On the surface, Zipolite—Mexico’s only official clothing-optional beach—was not exactly my type of seaside, despite its aesthetic glory: a kilometer and a half of golden sand surrounded by hills that abruptly turn from brown to green with the (now erratic) arrival of the rainy season. But the fierce currents rendered swimming for sport or leisure essentially impossible, and even just wading in to pee often constituted a lengthy struggle. The iconic giant white rock off the coast—hence “Roca Blanca,” rumored to be the result of accumulated bird shit—provided the backdrop for many a nude selfie, as well as many a photograph surreptitiously and not so surreptitiously captured by visitors from Mexico City on nudist safari. The panorama also played host to all manner of naked yoga, meditation, hula-hooping, acrobatics, jogging, and lounging. These activities posed a conundrum for me, because, try as I did to appreciate the participants’ bucking of the silly convention of clothing, white people doing yoga naked was somehow even more irritating than white people doing yoga clothed, and I usually just ended up feeling like a reactionary asshole. Until, that is, the quarantine happened and there was no longer a surplus of people to throw me into ethical dilemmas.
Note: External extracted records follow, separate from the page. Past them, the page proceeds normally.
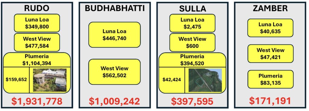 Plumeria at Waikoloa, which acquired 11.8 acres from a developer at a steal with Rudo’s help and later sold it for $1.5 million, was co-owned by Rudo, Sulla, and Zamber. Plumeria was later renamed Peaceful Ventures. Rudo was the majority owner through his company Dezign Artz (then later via two trusts benefitting him), and Sulla and Zamber owned the remainder through their company SZ Ventures, in which Sulla was the majority owner.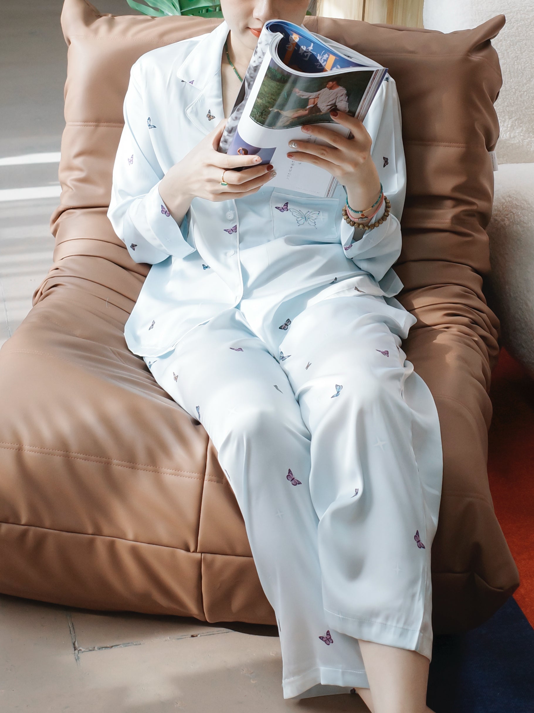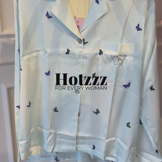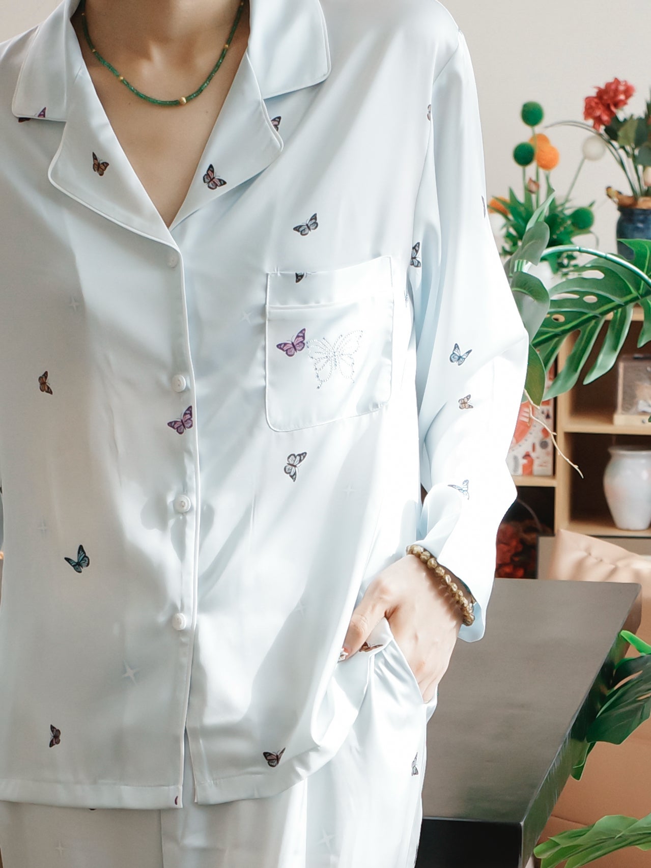 Made from smooth, high-shine satin in a refreshing mint tone, this pajama set features delicate butterfly motifs — each symbolizing transformation and lightness. The soft fabric glides effortlessly over the skin, while the relaxed cut ensures a flawless drape and freedom of movement.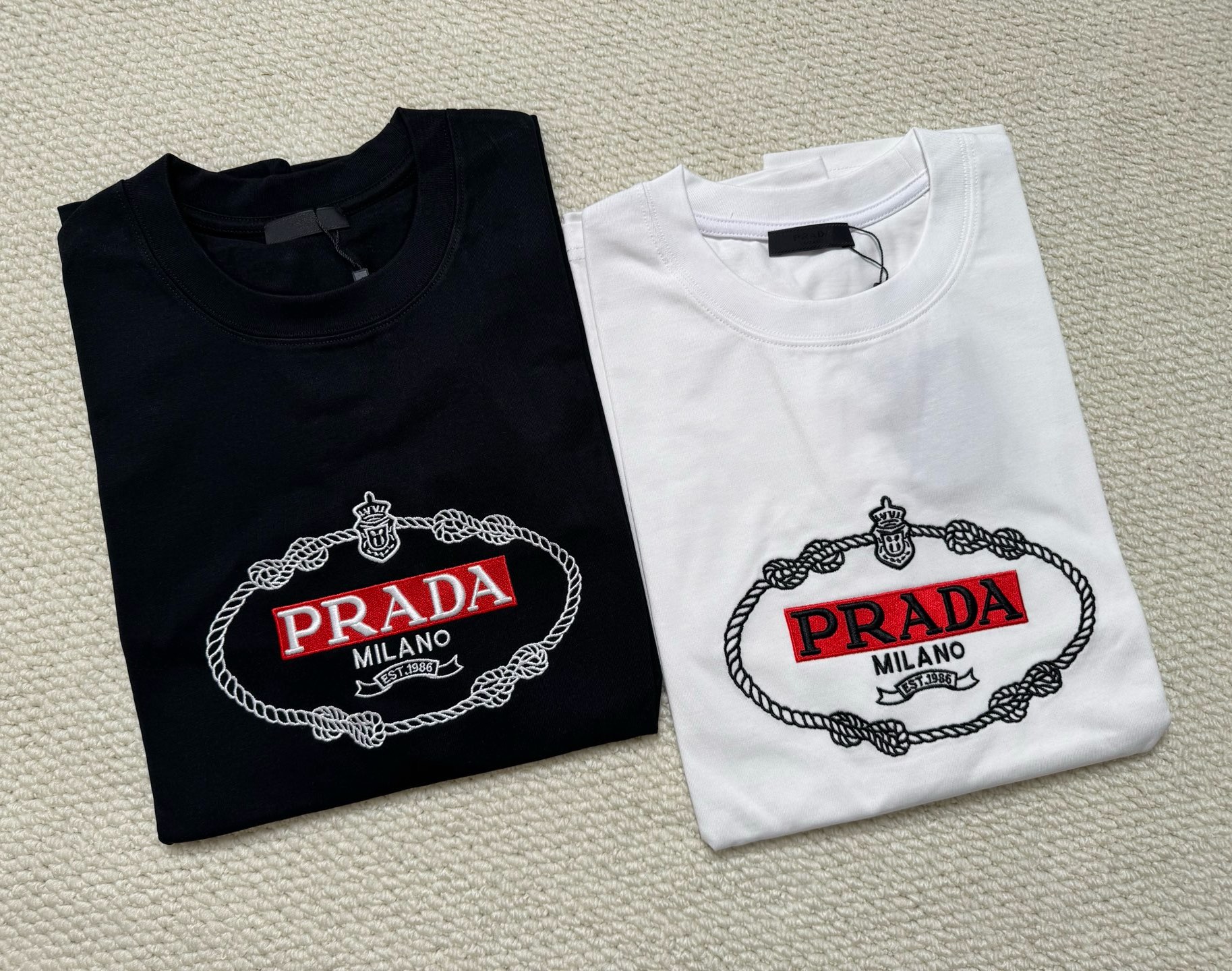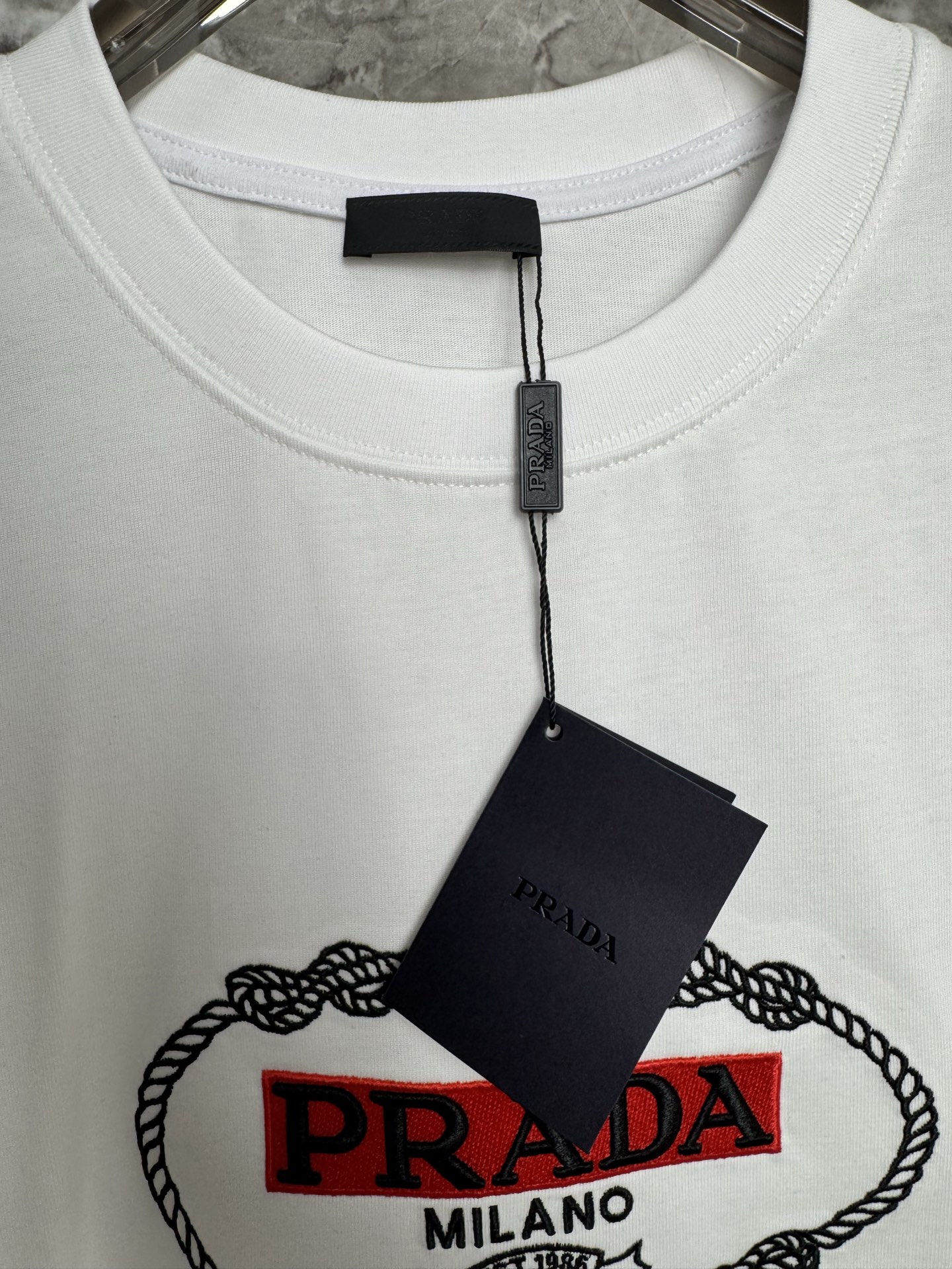 這款衣服是AAAAA 1:1 質量(非常棒). 使用了和原版一模一樣的材料. 商標部分也保持了和普拉達/Prada一樣. 圖片拍攝是實物衣服拍攝, 您所收到的實物保證和我們圖片一模一樣.

A village of only a few thousand inhabitants, Zipolite’s clientele ranged from the aforementioned demographics to gay vacationers to Mexican families from surrounding towns to surfers, drug enthusiasts, older European couples who conducted morning strolls on the beach in matching straw hats, and ever well-behaved compatriots of mine—like the woman whose life I ruined by taking too long to pay at the convenience store and who entered into an apoplectic fit in the way that only Americans know how. Canadians fleeing their dismal climate were also in abundance, and a Canadian-specific condominium complex called La Monarca—a yellow monstrosity responsible for the devastation of a coastal mangrove—was the predominant eyesore among the otherwise largely unobtrusive architecture (think non-yellow hotels, thatched roof huts, cabins, hammocks).